Difficulty is also reduced by the prevalence of medical kits and the fact that these packs heal a person to full even if they've been completely incapacitated. So ironically, you'll find yourself waiting for team members to die, so you can maximize health pack usage, because the mission doesn't fail unless everyone is incapacitated. Tank shell to the face? No problem. Stepped on a pile of Claymores? No biggie. You're back up to full health in a jiffy. There's also the seemingly bottomless supply of ammunition. Not just what you'll find while you play, but the depth of your actual pockets. I had a submachine gun and twelve hundred rounds of ammo for it, in addition to a sidearm, rifle, grenades, health packs, and a few miscellaneous items. John Rambo, eat your heart out.

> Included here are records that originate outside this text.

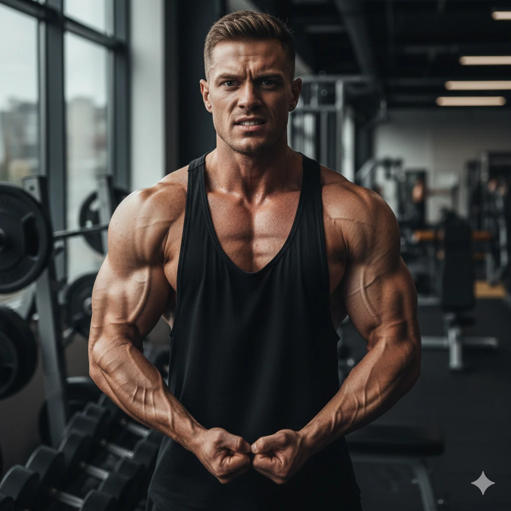 A fit athletic man wearing a sleeveless gym vest, muscular build, standing in a gym with soft side lighting, sweat details, intense expression, ultra HD fitness photography
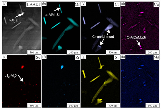 Distribution of the elements within the matrix in the area with coarser dispersoids (T6 temper). (a) HAADF micrographs, mapping of (b) Mn, (c) Cr, (d) Cu, (e) Sc, (f) Zr, (g) Si and (h) Mg.
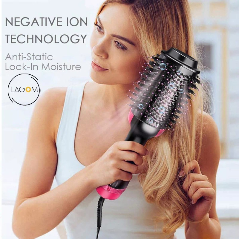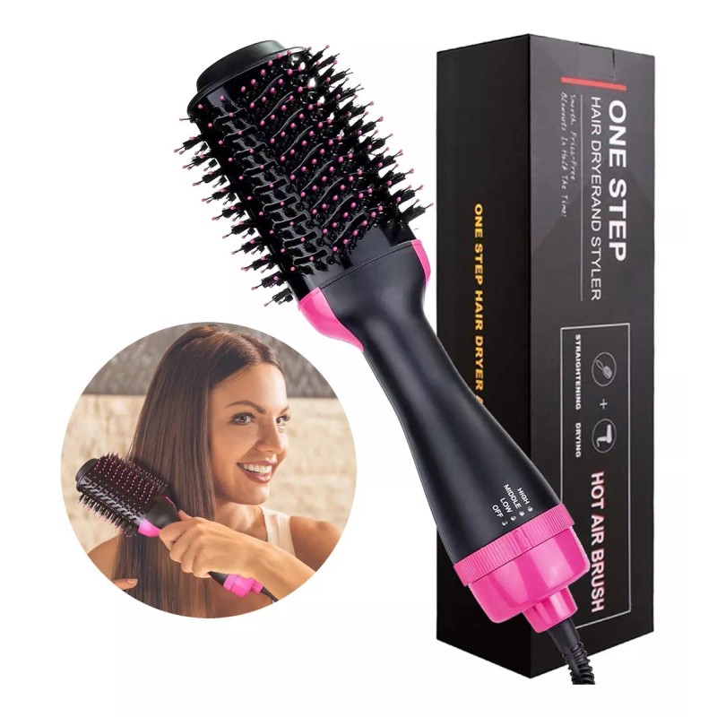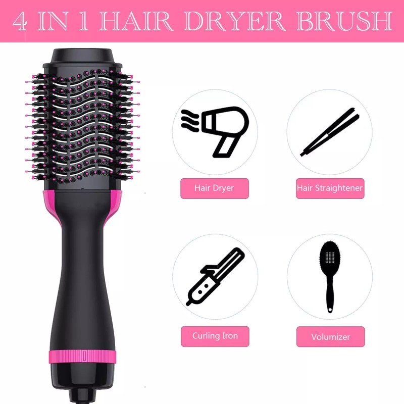 Secadora Cepillo 4 en 1: One-Step Profesional Styler . Este versátil cepillo de aire caliente se puede utilizar como secador de pelo, cepillo, alisador y rizador para aumentar fácilmente el volumen de tu cabello, dejándolo suave, sedoso y naturalmente lustroso mientras sella la cutícula del cabello, reduce las puntas abiertas y los nudos. Relájate. estilo salón en su propia casa.
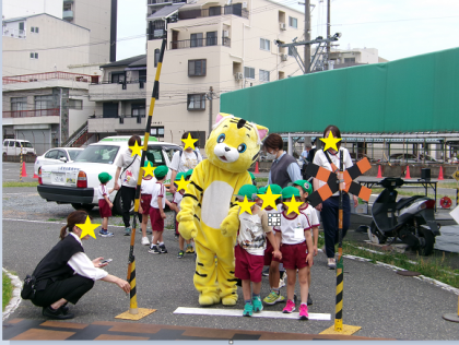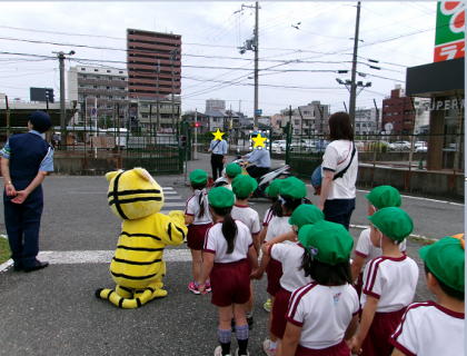 都島自動車学校で交通安全教室2 公開日 2025/06/09 更新日 2025/06/09 幼稚園日記 トラ吉くんがやって来て、一緒に信号を渡ったり、安全に道路を歩いたりしました。みんな上手にできました。 いいね(0)
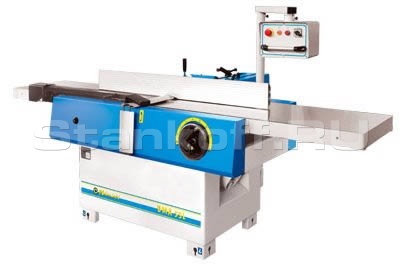 Станок предназначен для прямолинейного одностороннего строгания изделий из древесины по плоскости и снятия фасок под углом. Достоинствами станка являются отшлифованный чугунный стол длиной 2900мм, наличие четырехножевого вала с высокой частотой вращения, а также электродинамическая остановка режущего вала. Возможность подъема-опускания столов фуговальных станков и надежная их фиксация позволяют снимать нужный слой материала качественно и равномерно по всей длине заготовки.
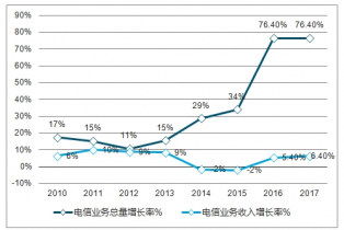 2010-2017年中國(guó)電信業(yè)務(wù)總量及收入增長(zhǎng)走勢(shì)
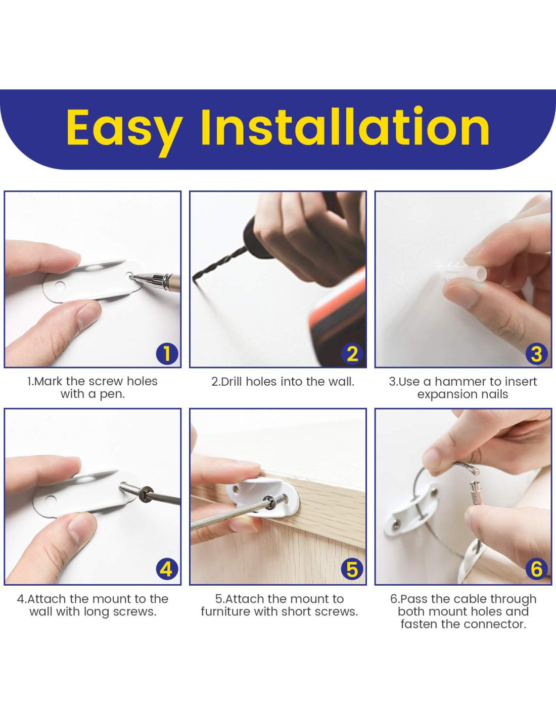 - FÁCIL DE INSTALAR: Usar un destornillador y un taladro puede instalar rápidamente los anclajes de muebles antivuelco en minutos. El kit de seguridad a prueba de bebés incluye todo el hardware necesario y soporta montaje vertical u horizontal para diferentes muebles;
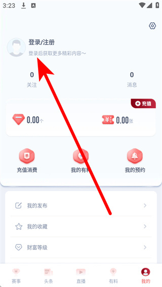 2、在个人中心页面,点击登录注册区域,进入登录选择界面。
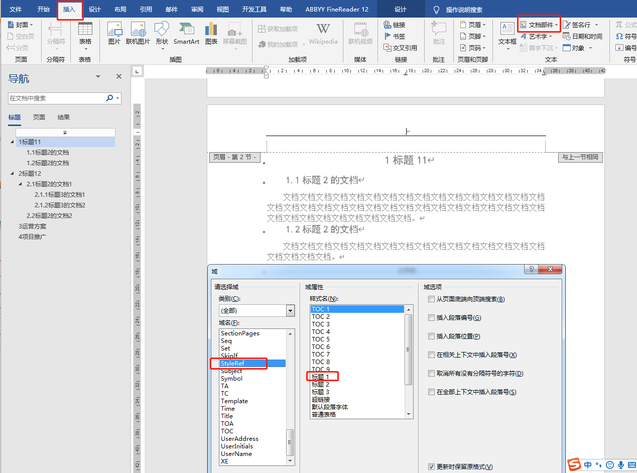 双击页面上端进入到页眉设置状态后,点击菜单栏中的插入——文档部件——域,将左边的域名下拉到最底下,选择StyleRef,在右边的域属性中选择标题1,这样,每个页面的页眉就是当前的一级(章)标题,这样设置的优点是后期章标题的改动,页眉自动随之改变,无需手动编辑。
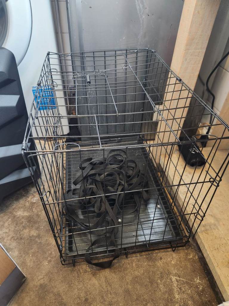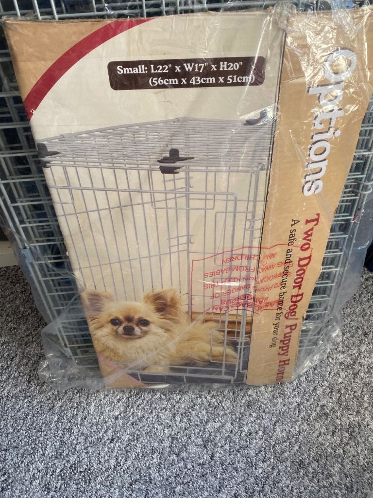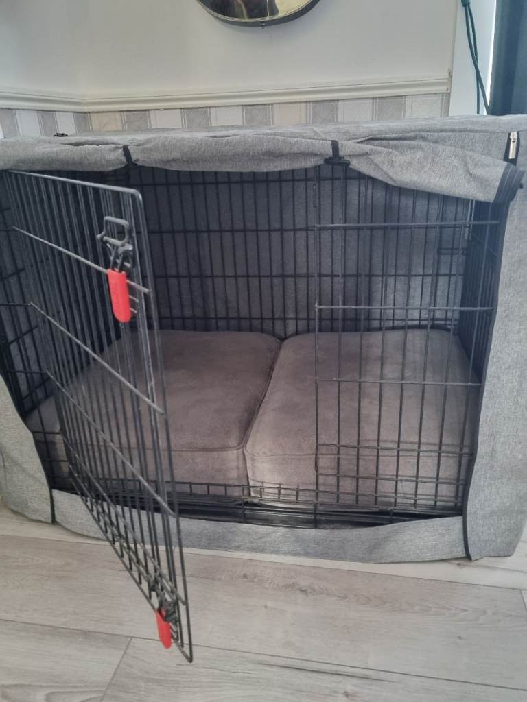 Extra large dog crate (fit my German shepherd) with cover (25 from amazon) Has two cushions in it which can be removed.
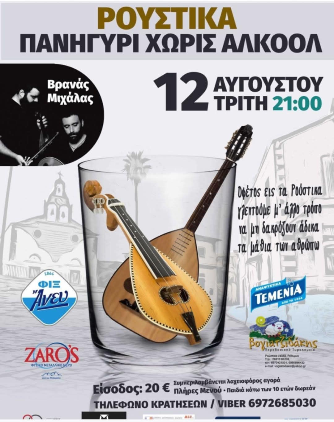 Μια ξεχωριστή εκδήλωση διοργανώνεται φέτος στα Ρουστικά Ρεθύμνου, την Τρίτη 12 Αυγούστου, στις 21:00, με το μήνυμα της διασκέδασης χωρίς αλκοόλ. Το «Πανηγύρι χωρίς αλκοόλ» φιλοδοξεί να προσφέρει μια βραδιά γεμάτη μουσική, χορό και παραδοσιακές γεύσεις, αποδεικνύοντας ότι η διασκέδαση μπορεί να είναι αυθεντική και χωρίς οινοπνευματώδη ποτά.
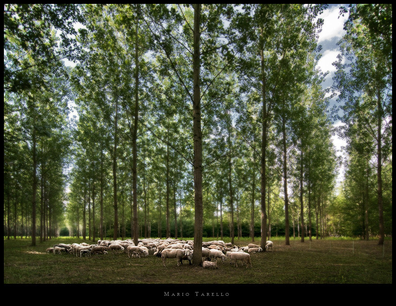 Bellissima la composizione, il rigore della geometricità quasi scenografica degli alberi contrapposta "all'ordine sparso" del gregge.
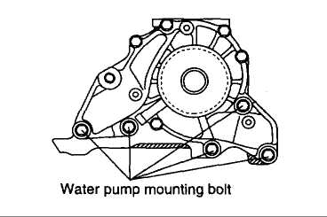 Install the new engine coolant pump gasket and pump assembly. Tighten the bolts to the specified torque. Tightening torque
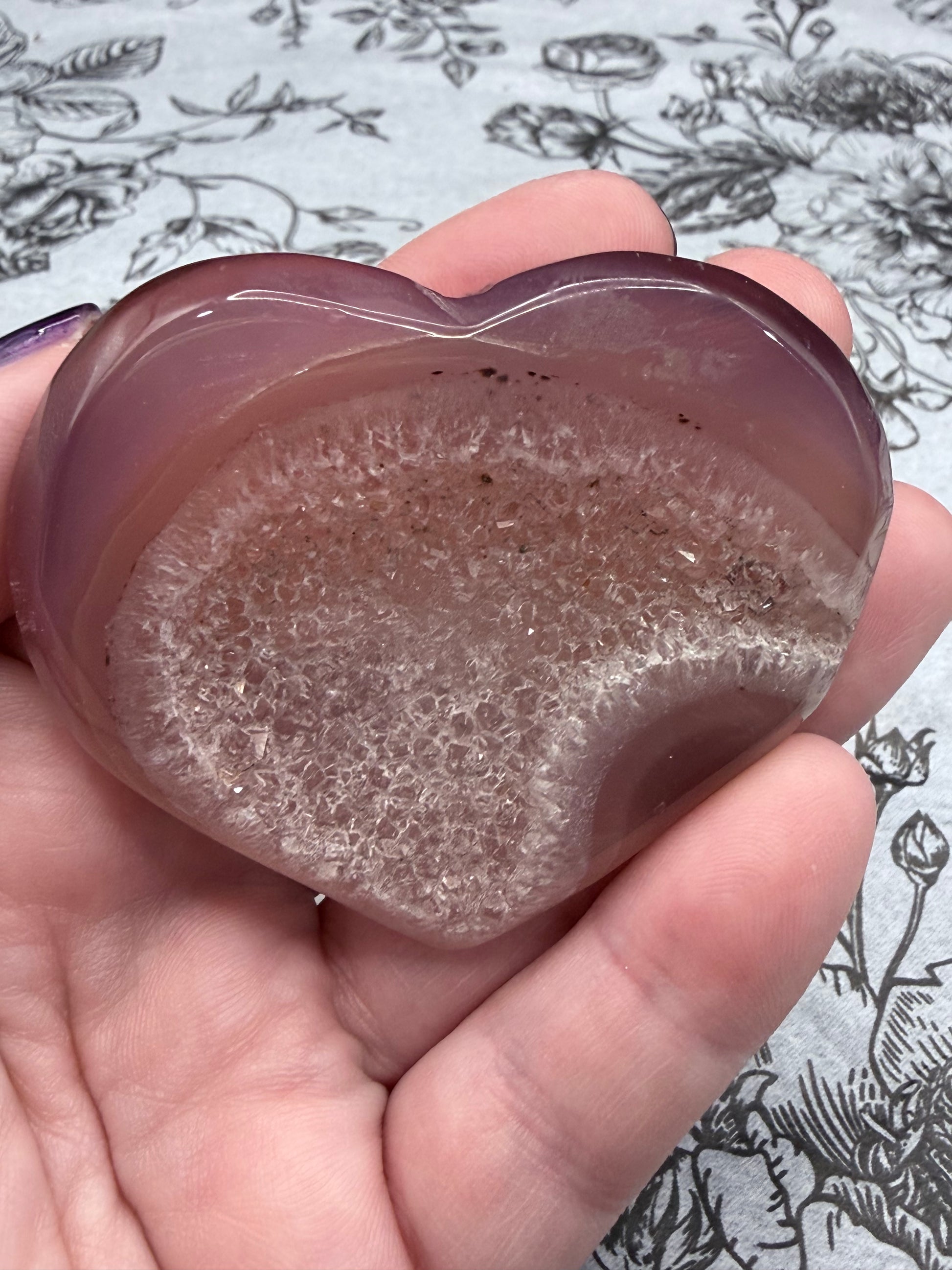 Pink Agate Druzy Heart (58g, 6.5 x 5.2cm),
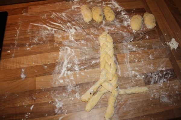 Nejdříve upleteme cop ze 4 pramenů, dáme jej na plech a hřbetem ruky uděláme uprostřed prohlubeň. Následuje stejný postup u dalšího copu, který bude jen ze tří pramenů, a nakonec přidáme cop ze dvou pramenů, jehož konce podhrneme pod vánočku.
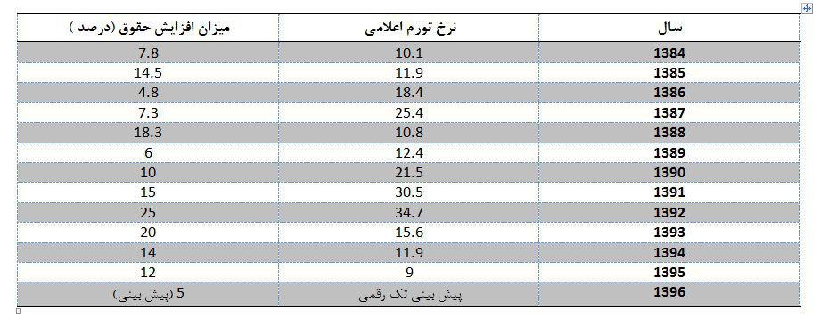 جدول زیر نشاندهنده میزان افزایش حقوق کارمندان در هرسال و نرخ تورم در همان سال است . همانطور که از اعداد جدول مشخص است در بسیاری از سالها میزان افزایش نرخ تورم بیش از رشد حقوق کارمندان دولت بوده است . در هفت سال از سالهای مذکور نرخ تورم بیش از نرخ حداقل دستمزد افزایش یافته است.
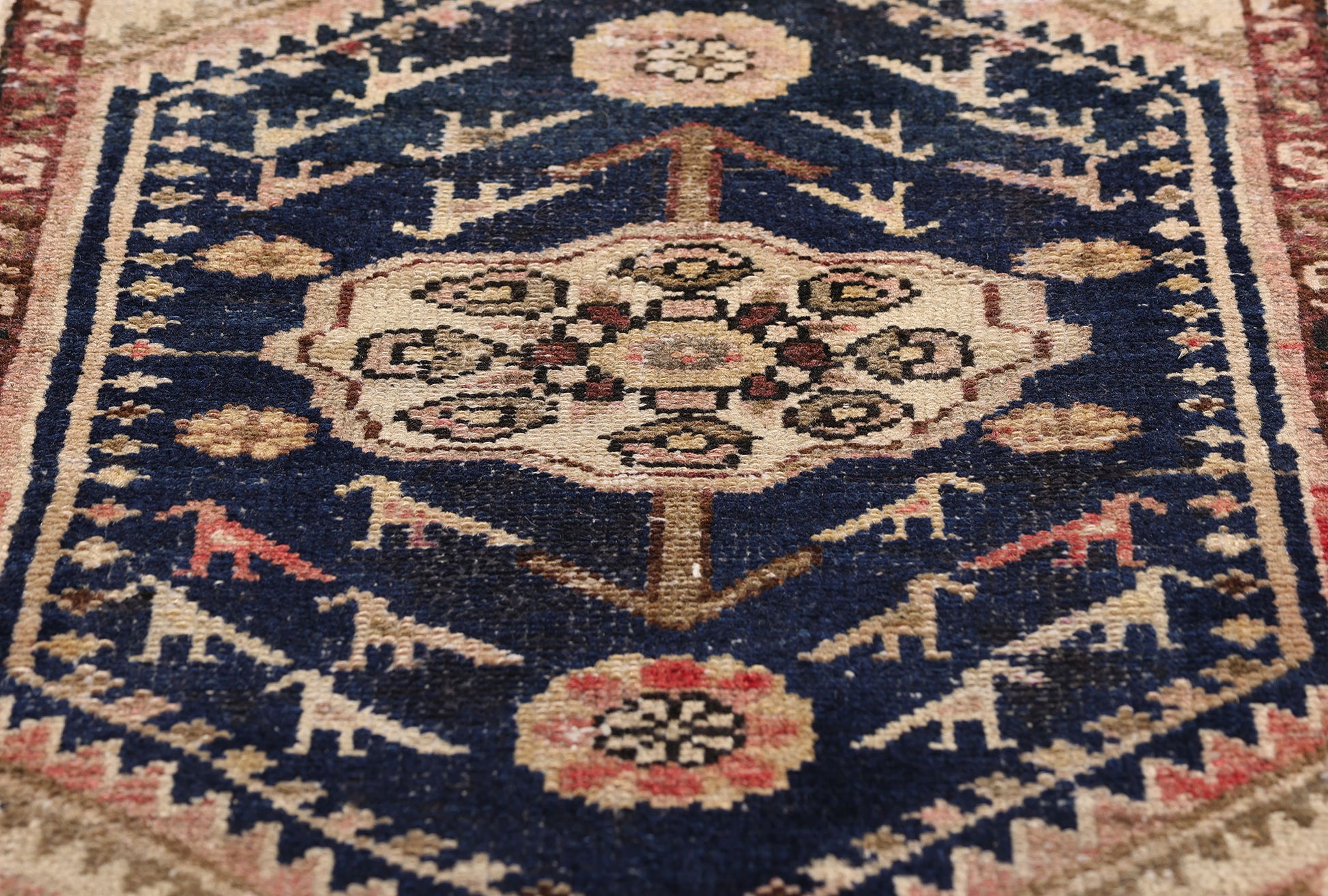 1 x 3 Navy Blue Antique Persian Hamadan Rug 61454
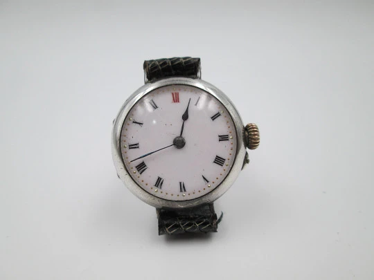 Trench & Officer's watch. Silver. Manual wind. 1920's. Porcelain dial
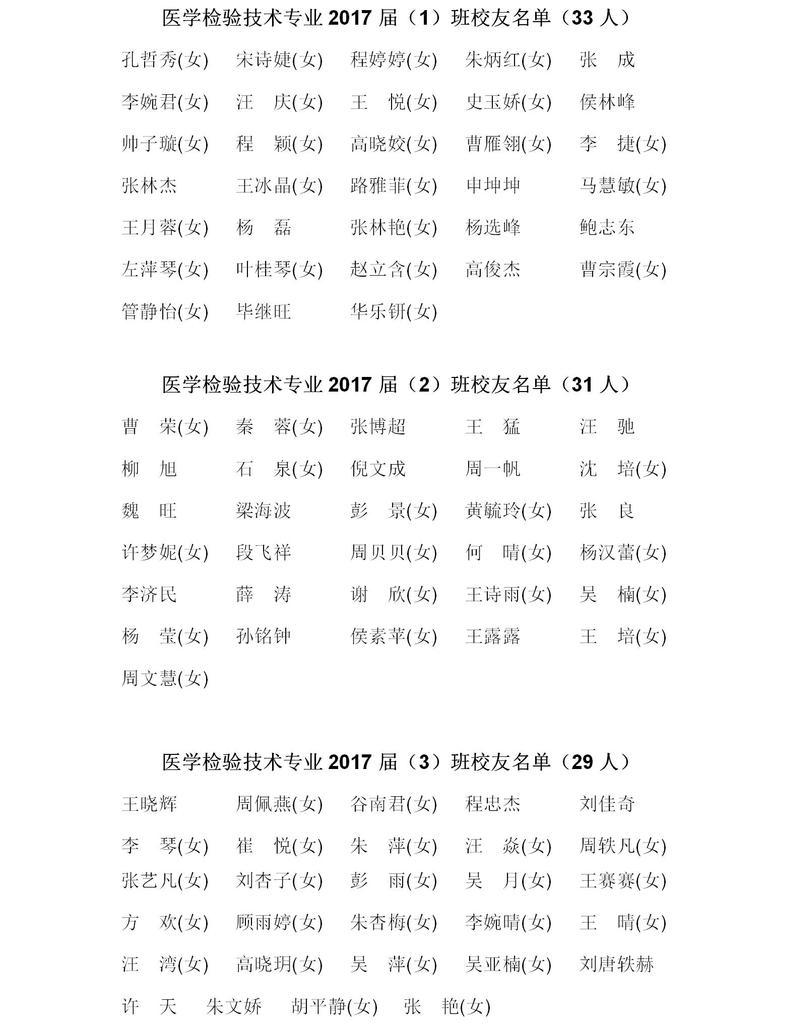 医学检验技术专业2017届校友名单
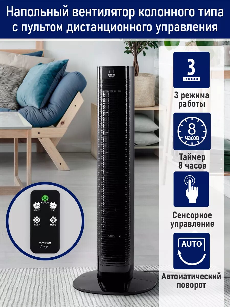 Напольный вентилятор колонного типа STINGRAY ST-FN4122A черный информация:
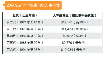 文汇报报道称,研究显示,愈年轻的世代拥有大专学历的青年,其收入中位数与同龄只有高中学历者相比较,优势愈来愈少,至近年20岁出头的一群人,两者收入中位数只得一样,即学历根本未能改善待遇,反映大专毕业青年在香港欠缺议价能力,只能透过继续升读大学学位课程,才能提升竞争力和收入水平。报道指,不同世代的大专毕业生在起薪点和上流速度,愈年轻愈趋下降。以第二代至第六代大专生在20岁至24岁时为例,第二代的大专毕业生收入中位数为12,141元,直至第五代下跌至约9779元,直至第六代才略为回升至10934元。

Still, you'll find times when you want to save your game. Since the enemy has a habit of bursting through doors guns blazing, from all directions, it's still possible for everyone to get wiped out, or to have a key member killed in a spot that's difficult to safely get to. Light levels appear to have zero effect on your visibility, making the low-light goggles something that merely evens the odds in your favor, rather than granting you a little leeway to surprise the enemy. And on the default difficulty, you'll get four saves. For a guy who's used to reflexively hitting the quicksave key, particularly to reduce downtime when reviewing a game on deadline, this is a little aggravating. Even if you're not budgeting your time, it's difficult to know where the right place is to save. You can judge roughly by how far across the map you are, but there are section of random enemy clusters and sections of swarm waves, without much indication of which will be which before you head into battle. So you have to kind of wing it. No matter what perspective you're coming from, I prefer my tactical decisions to be determined by combat parameters, not overall design philosophies. In other words, I would prefer deciding for myself how I want to save my game, while leaving the game itself up to them.
If you do happen to be a fan of how Conflict plays, there are plenty of modes to keep you busy. The game supports four player cooperative play on a split screen or though a system link. In addition, you can bring your skills onto Xbox Live and play a variety of missions in MIA or Survival modes. This, however, will only be good news to someone who enjoys the core gameplay.